[security] Reliance on default encoding
duglin opened this issue · 3 comments
Description
Multiple instances were identified in which the getByte() standard Java API is used without specifying any encoding. Doing so causes the Java SDK to rely on the system default encoding, which can differ across platforms and systems used by event actors and cause unexpected differences in processing of event data.
The specification states that appropriate and RFC-compliant encodings MUST be followed, but the implementation in the Java SDK and documentation should be improved to highlight the importance of matching encoding across actors.
Not all observed instances are necessarily problematic, as they are handling binary data. However, this behavior should be documented and handled in the SDK implementation, documentation, and supplied examples.
import io.cloudevents.CloudEvent;
import io.cloudevents.core.builder.CloudEventBuilder;
import java.net.URI;
final CloudEvent event = CloudEventBuilder.v1()
.withId("000")
.withType("example.demo")
.withSource(URI.create("http://example.com"))

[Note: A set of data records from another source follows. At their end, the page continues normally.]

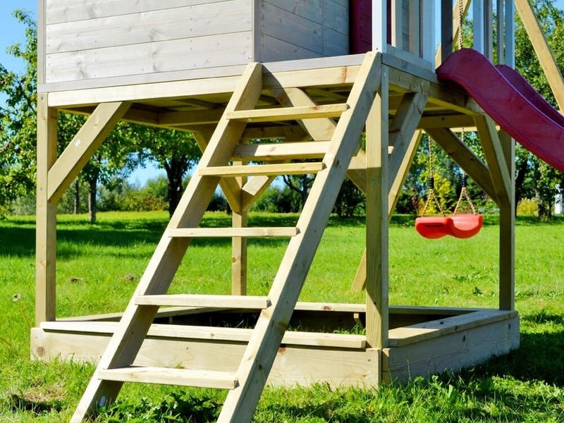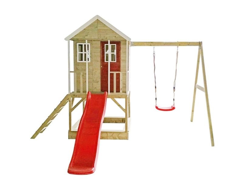 Das Haus ist mit einer Rutsche ausgestattet, die über eine Leiter erreichbar ist, sowie einem überdachten Sandkasten, der endlose Spielmöglichkeiten bietet. Der Sandkasten wird durch das Haus vor leichtem Regen geschützt, sodass Kinder auch bei weniger gutem Wetter spielen können. Im Inneren des Stelzenhauses können sich die Kleinen eine geheime Höhle einrichten oder sich an kreativen Spielen beteiligen.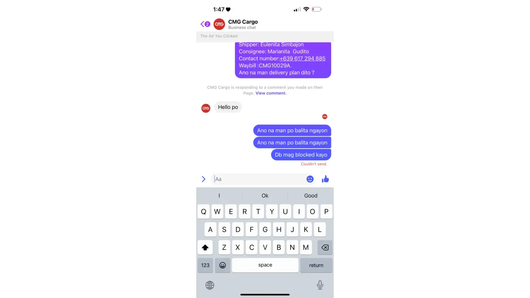 They gave Philippines number but cannot be reached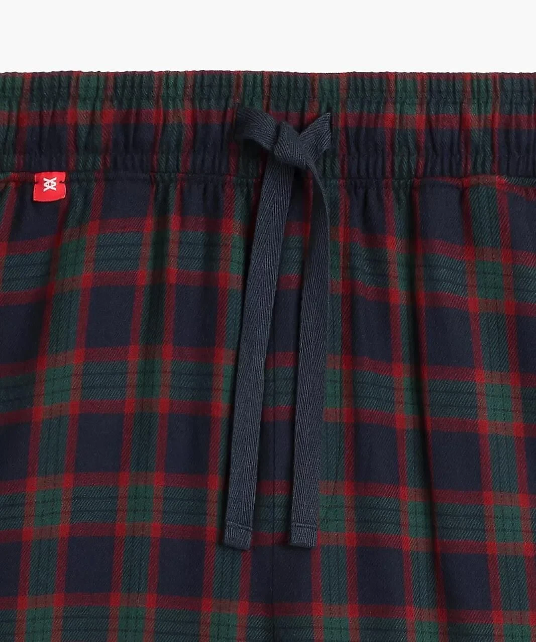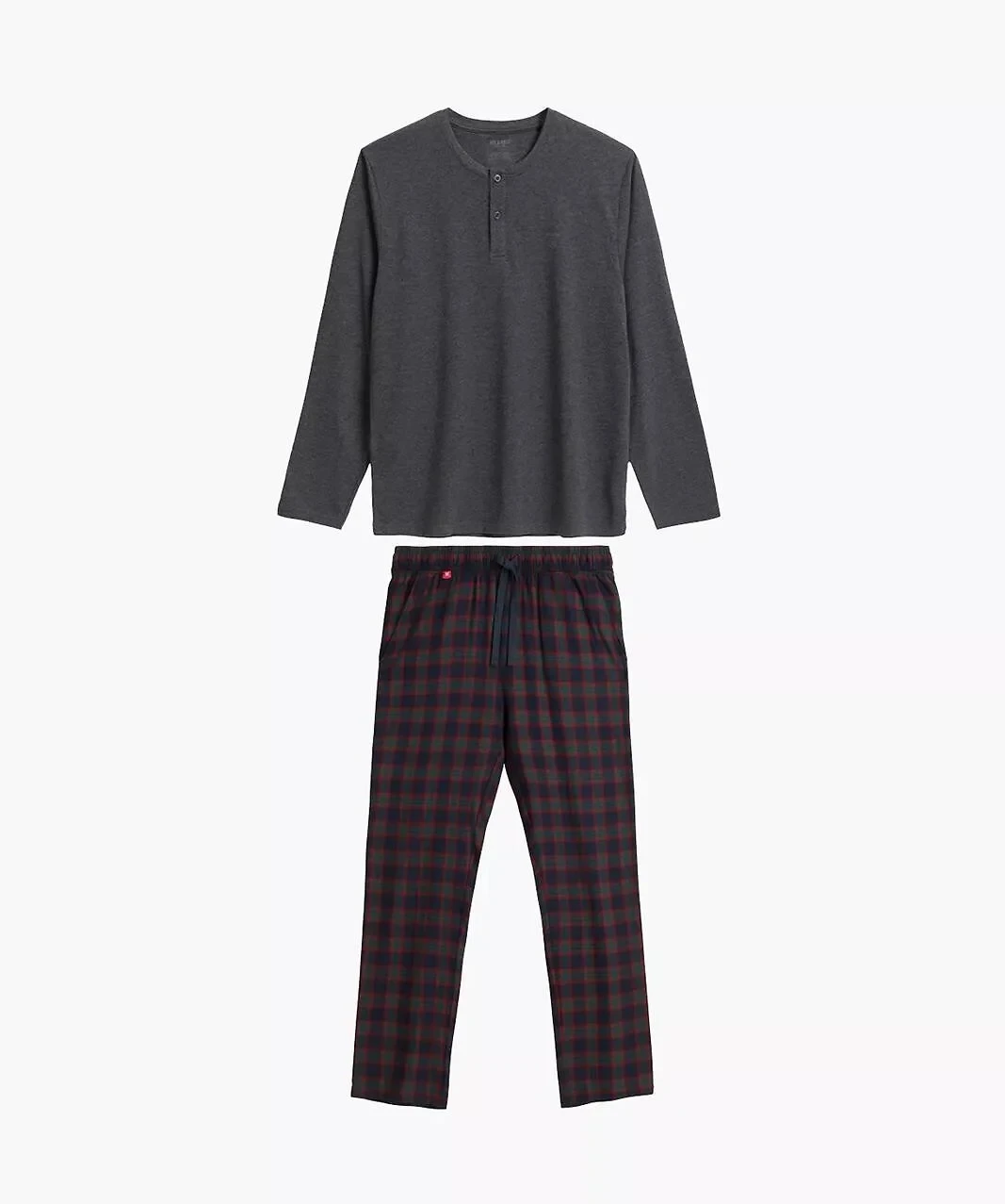 barva: šedočervená halenka 65 % polyester, 35 % bavlna; kalhoty 100 % bavlna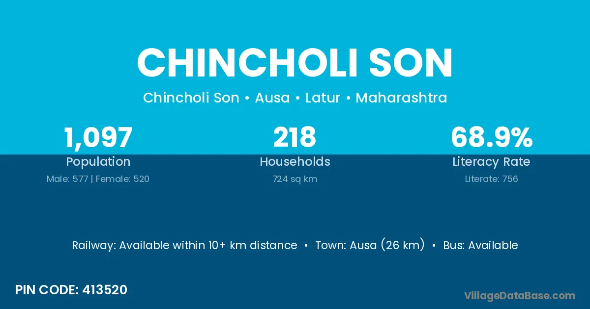 Ausa (26 km) is the nearest town to Chincholi Son village for major economic activities and is located approximately 26 km away.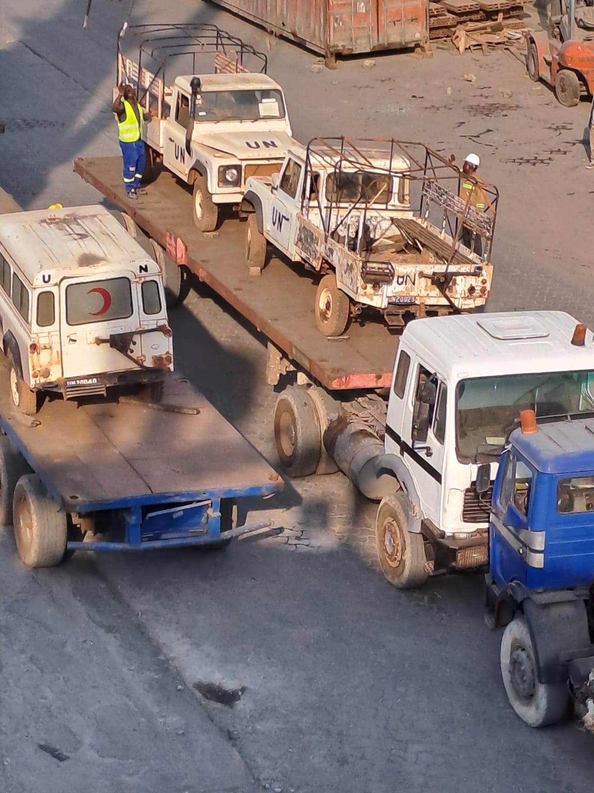 The M.V. Pacific Dawn loaded used trucks and vehicles on behalf of the United Nations at the Port of Douala, Cameroon. The cargo consisted of used trucks and jeeps in aged condition at the time of loading.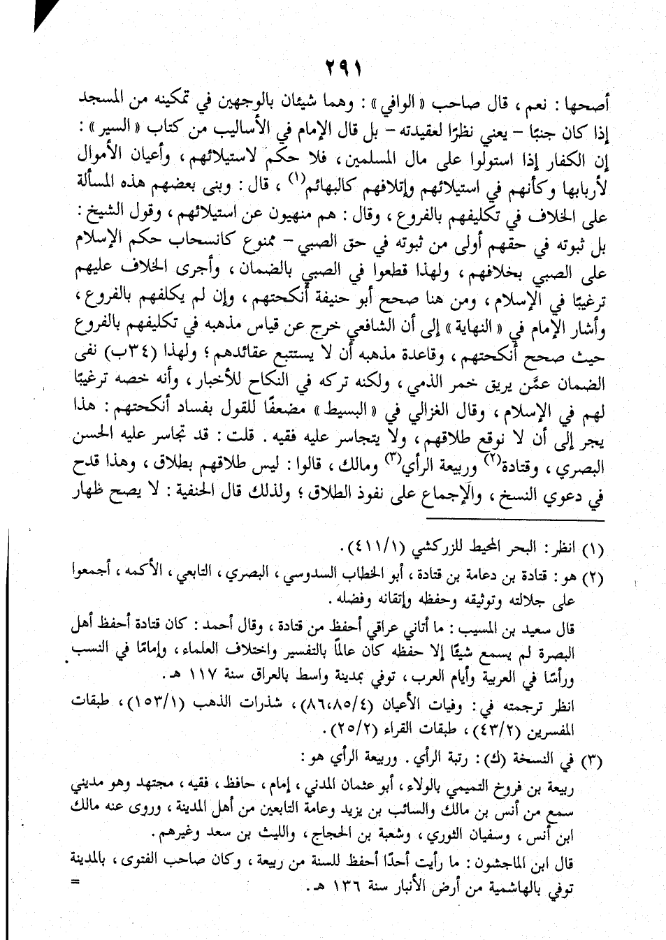 أصحها: نعم، قالَ صاحب (الوافي) وهما شيئان بالوجهين في تمكينه من المسجد إذا كانَ جنباً ـ يعني نظراً لعقيدته ـ بل قالَ الإمام في الأساليب من كتاب (السير): إن الكفار إذا استولوا على مال المسلمين، فلا حكم لاستيلائهم، وأعيان الأموال لأربابها وكأنهم في استيلائهم وإتلافهم كالبهائم، قالَ: وبنى بعضهم هذه المسألة على الخلاف في تكليفهم بالفروع، وقالَ: هم منهيون عن استيلائهم، وقول الشيخ: بل ثبوته في حقهم أولى من ثبوته في حق الصبي ـ ممنوع كانسحاب حكم الإسلام على الصبي بخلافهم، ولهذا قطعوا في الصبي بالضمان، وأجرى الخلاف عليهم ترغيباً في الإسلام، ومن هنا صحح أبو حنيفة أنكحتهم، وإن لم يكلفهم بالفروع، وأشار الإمام في (النهاية) إلى أن الشافعي خرج عن قياس مذهبه في تكليفهم بالفروع حيث صحح أنكحتهم، وقاعدة مذهبه أن لا يستتبع عقائدهم، ولهذا (٣٤ ب) نفى الضمان عمن يريق خمر الذمي، ولكنه تركه في النكاح للأخبار، وأنه خصه ترغيباً لهم في الإسلام، وقالَ الغزالي في (البسيط) مضعفاً للقول بفساد أنكحتهم: هذا يجر إلى أن لا نوقع طلاقهم، ولا يتجاسر عليه فقيه. قلت: قد تجاسر عليه الحسن البصري وقتادة وربيعة الرأي ومالك، قالُوا: ليس طلاقهم بطلاق، وهذا قدح في دعوى النسخ، والإجماع على نفوذ الطلاق، ولذلك قالَ الحنفية: لا يصح ظهار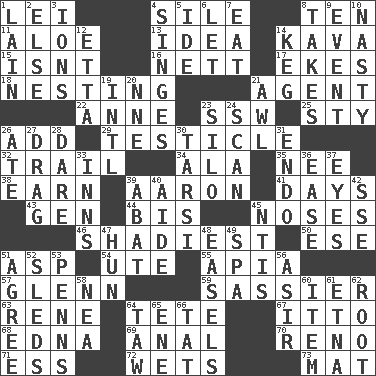 ACROSS 1. Luau accessory 4. Drop; flow; fall 8. Nine, plus one 11. _ vera 13. The main thing one is thinking about 14. Polynesian shrub of the pepper family 15. Is not 16. Remaining after all deductions 17. Supplements with great effort 18. Inhabiting a nest 21. Rep 22. Queen of England 1702-14 23. Compass dir. 25. Filthy place 26. Say or write further 29. One of the two male reproductive glands 32. Lag or linger behind 34. Chicken ___ king 35. Born 38. Merit 39. Composer Copland 41. 24-hour periods 43. Commissioned military rank (abbr.) 44. Twice 45. Olfactory organs 46. Most dark, concealed or hidden 50. Compass dir. 51. Cleo's killer 54. Shoshoni 55. Capital of Western Samoa 57. American astronaut and politician John 59. More disrespectful 63. French philosopher Descartes 64. False hair 67. "Tell ____ the Marines!" 68. Pulitzer Prize-winning author Ferber 69. Of or related to the anus 70. Former U.S. Attorney General Janet 71. Double-curved letter 72. Soaks 73. Floor covering DOWN 1. (Had) reclined 2. Otherwise 3. Charged particles 4. Scorches 5. Binary compound 6. Allow 7. Ingest 8. Receives possession of 9. Incident 10. Smutty 12. Singer James 14. Cask 19. International (abbr.) 20. Compass dir. 21. Leather borer 23. Grain storage tower 24. Skim 26. Had dinner 27. To draw with force 28. Have the gumption 30. Tarsus (plural) 31. Inside; within (prefix) 33. Taverns 36. Comfort 37. Sight organs 39. Blind as ____ 40. Assistant 42. Compass dir. 45. Nuclear Threat Initiatives 47. Attila the _ 48. Artist's stands 49. Health resort 51. Match 52. Bobsleighs 53. Actor Sean's family 56. SW Saudi Arabia district 58. Teachers' org. 60. A distinct part 61. Inactive volcano in Sicily 62. Carrot, for example 64. The 23rd letter of the Hebrew alphabet 65. Compass dir. 66. Make lace
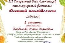 Ученица 4 В Богданова Софья приняла участие в 3 Открытом Республиканском многожанровом фестивале "Осенний калейдоскоп" и получила Диплом 2 степени в номинации "Я рисую Осень" .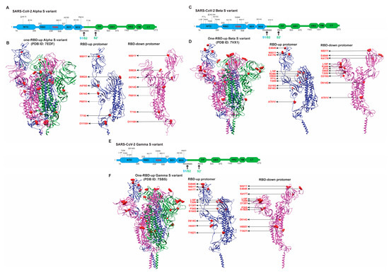 Accumulated mutations in the S early VOCs. (A,B) Amino acid substitutions are shown in the S domain organization (A) and depicted in the one-RBD-up structure (B) of the S Alpha variant (PDB ID 7EDF). Amino acid substitutions are highlighted in two different RBD-oriented protomers (RBD-up and RBD-down). The dotted lines indicate the mutated amino acid residues which are not resolved in the structure. (C,D) Illustrations as in (A) and (B), respectively, for the S Beta variant (PDB ID 7VX1). (E,F) Illustrations as in (A/C) and (B/D), respectively, for the S Gamma variant (PDB ID 7SBS).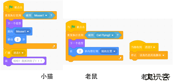 2、分别选择小猫和老鼠的编程代码。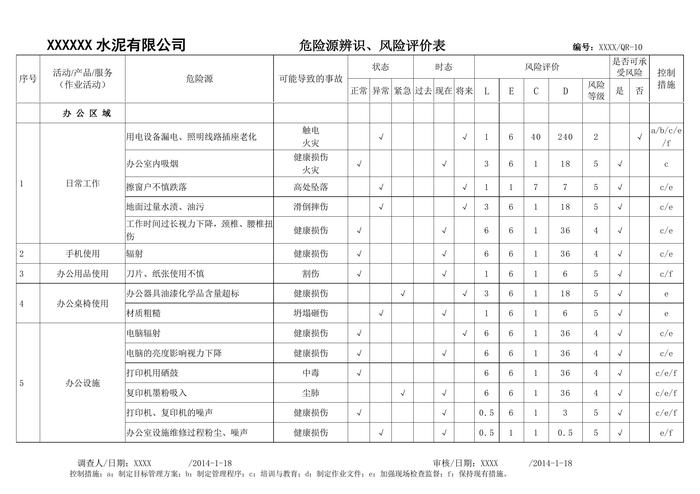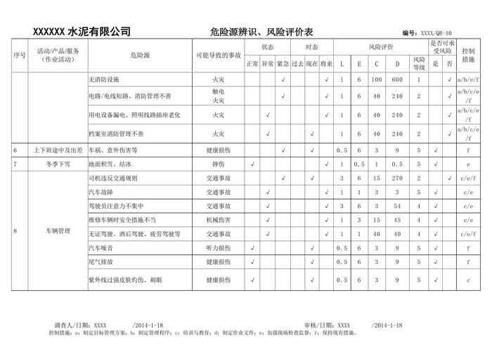 水泥生產(chǎn)企業(yè)一般水泥廠(chǎng)危險(xiǎn)源辨識(shí)、風(fēng)險(xiǎn)評(píng)價(jià)表(1)doc 水泥生產(chǎn)企業(yè)一般水泥廠(chǎng)危險(xiǎn)源辨識(shí)、風(fēng)險(xiǎn)評(píng)價(jià)表(1)doc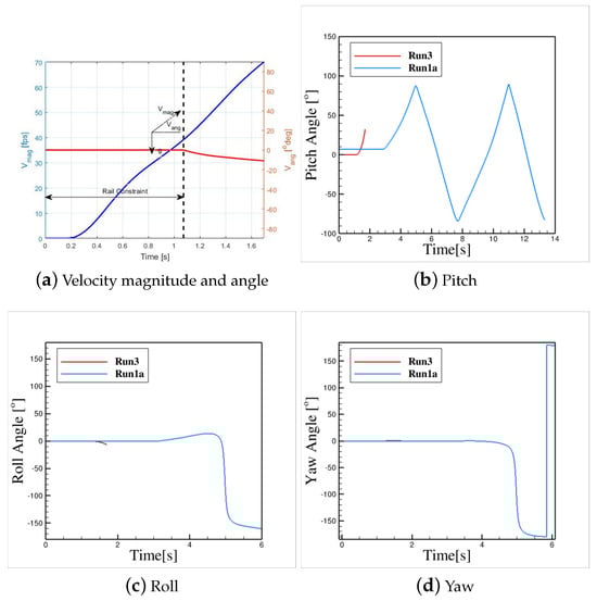 In addition, Figure 10 shows the payload rotations during Run1a. Again, trends follow what observed during flight tests. These payloads are expected to show a clock-wise pitch rotation after leaving C-17 aircraft. Positive pitch rates in the predicted plots show clock-wise rotations as well. Note that Kestrel reported pitch angle is in the range of [−–], and a drop in the pitch rate at means a continues pitch rotation. Additionally, a higher exit velocity leads to a smaller rotation rate. Figure 10 shows that Payload2 has the smallest rate and Payload4 has highest pitch rotation rates. Payload4 shows a continues negative roll to −, at which the roll sign changes to for further roll rotations. Payload2 shows a positive roll and Payload1 shows a negative roll as well.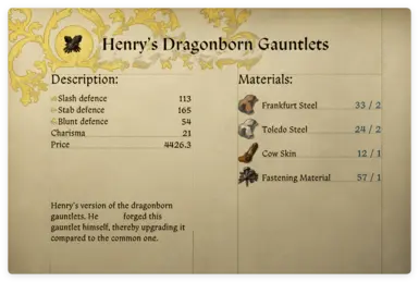 《天国:拯救2》亨利的龙骨盔甲MOD,一个简单的mod,会自动添加到您的手工制作页面中,如果没有,请访问库滕堡,在拉德尼尼广场(Radnicni Square)找到武器。
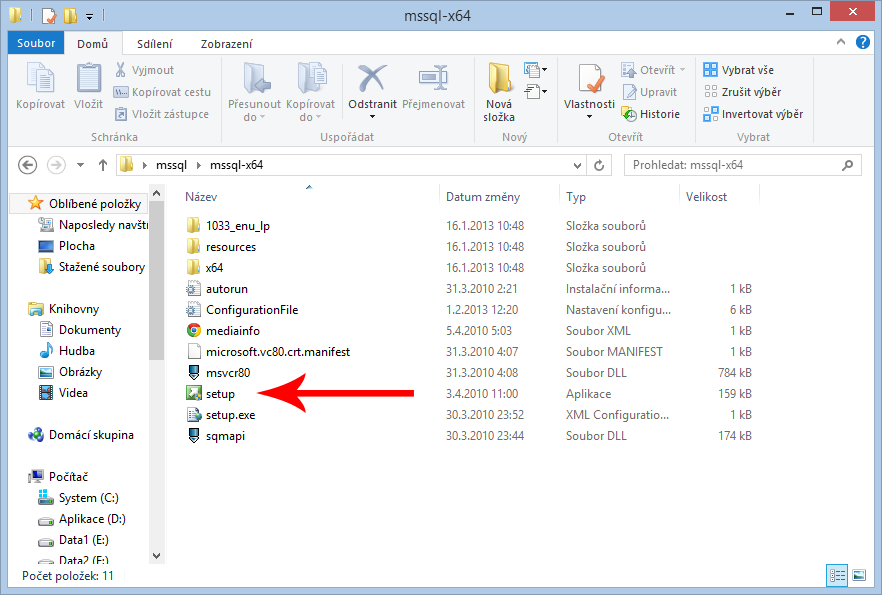 4. Po ukončení extrahování se Vám ve složce zobrazí složka nová „mssql-x64″ (pokud stahujete instalaci pro 32 bitový operační systém, tak „mssql-x86″). Složku otevřete a spusťte soubor „setup.exe“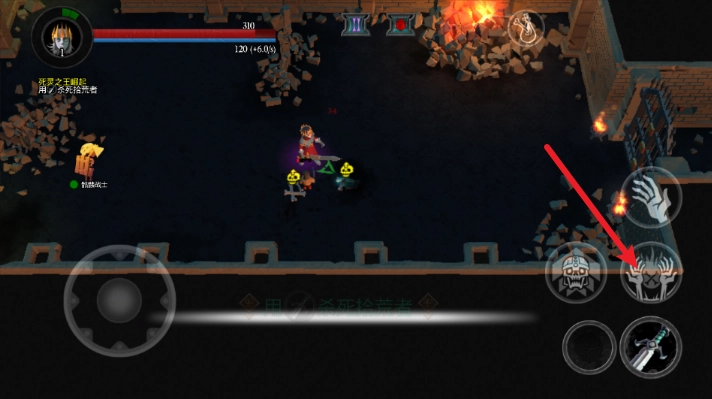 3、进入场景后,左侧摇杆用于控制移动,右侧的攻击指令可用来击败拾荒者。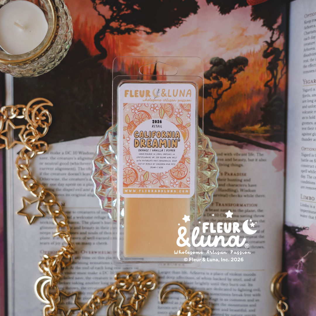 All waxes are made in small batches and hand-poured. Made of natural soy wax and paraffin blend wax, phthalate-free fragrances, ethically sourced mica pigments, & earth friendly sparkles.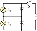 的2倍。假设两个二极管正向电阻为0、反向电阻无穷大。闭合开关S,灯泡
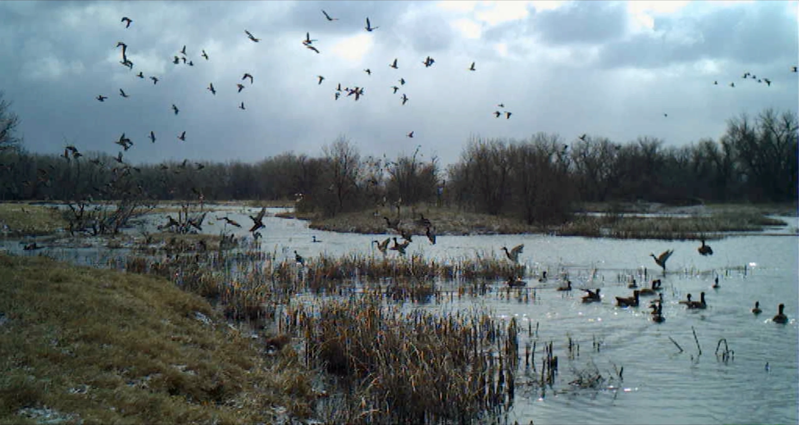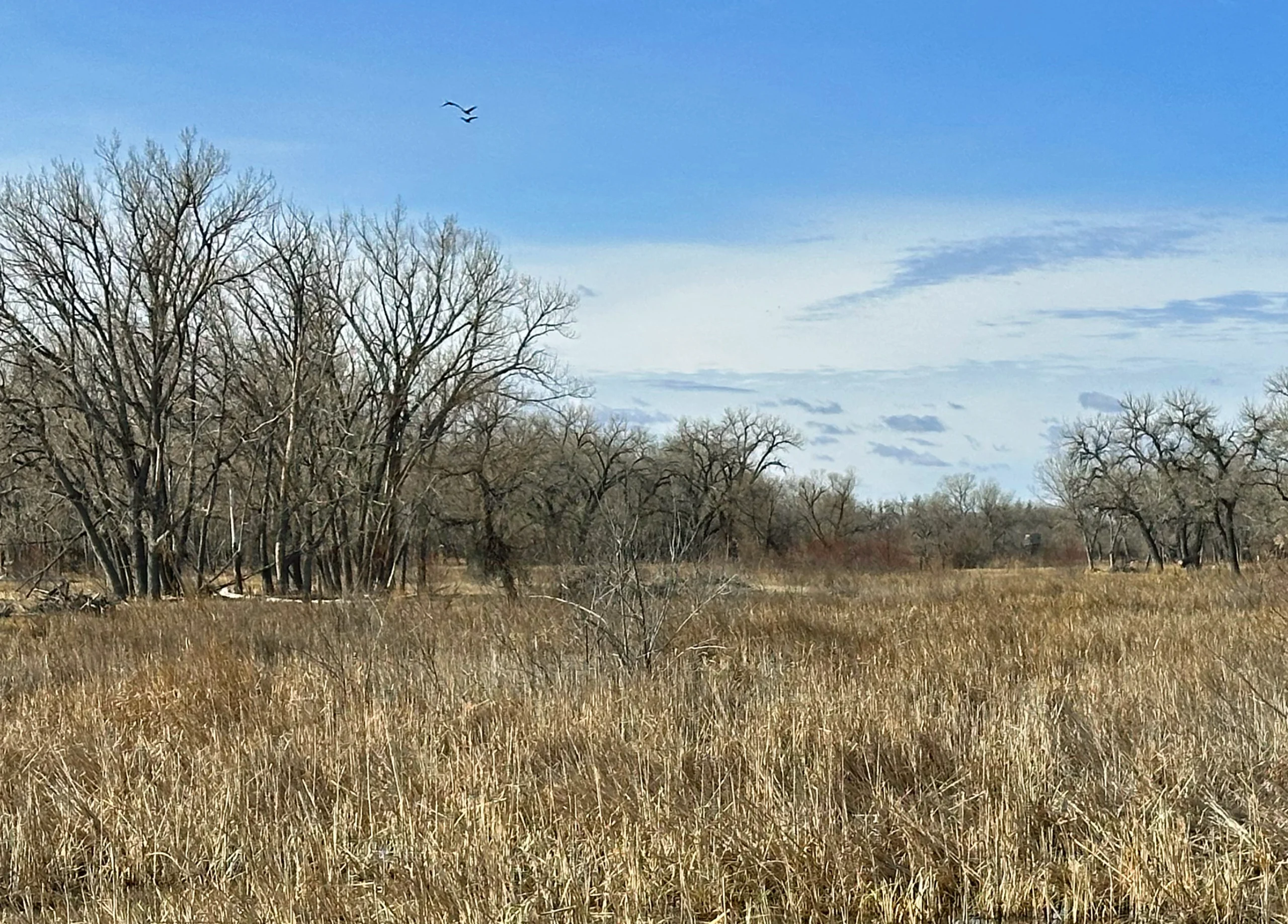A separating characteristic of this property is the scale and breadth of its water features. Unlike many riverine lands, where the โwarm-water sloughsโ are narrow or channelized, Big Slough presents expansive, naturally functioning wetlands that spread into surrounding meadow systemsโcreating both visual appeal and highly effective waterfowl habitat, a magnet for foraging puddle ducks and geese.

.withData("text/plain","Hello world!".getBytes())
.build();
private byte[] getBinaryData(Message<?> message) {
Object payload = message.getPayload();
if (payload instanceof byte[]) {
return (byte[]) payload;
}
else if (payload instanceof String) {
return ((String) payload).getBytes(Charset.defaultCharset());
}
return null;
}
Exploit Scenario
The event producer, the intermediary (using the SDK), and the consumer use different default encodings for their systems. Without acknowledging a fixed encoding, the data is handled and processed using an unintended encoding, resulting in unexpected behavior.
Recommendations
Short term, improve the SDK documentation to highlight the importance of matching encoding acros actors.
Long term, review all similar instances across the SDK and improve test cases to cover handling of message and data encoding.
References
This was opened due to the Trail of Bits security review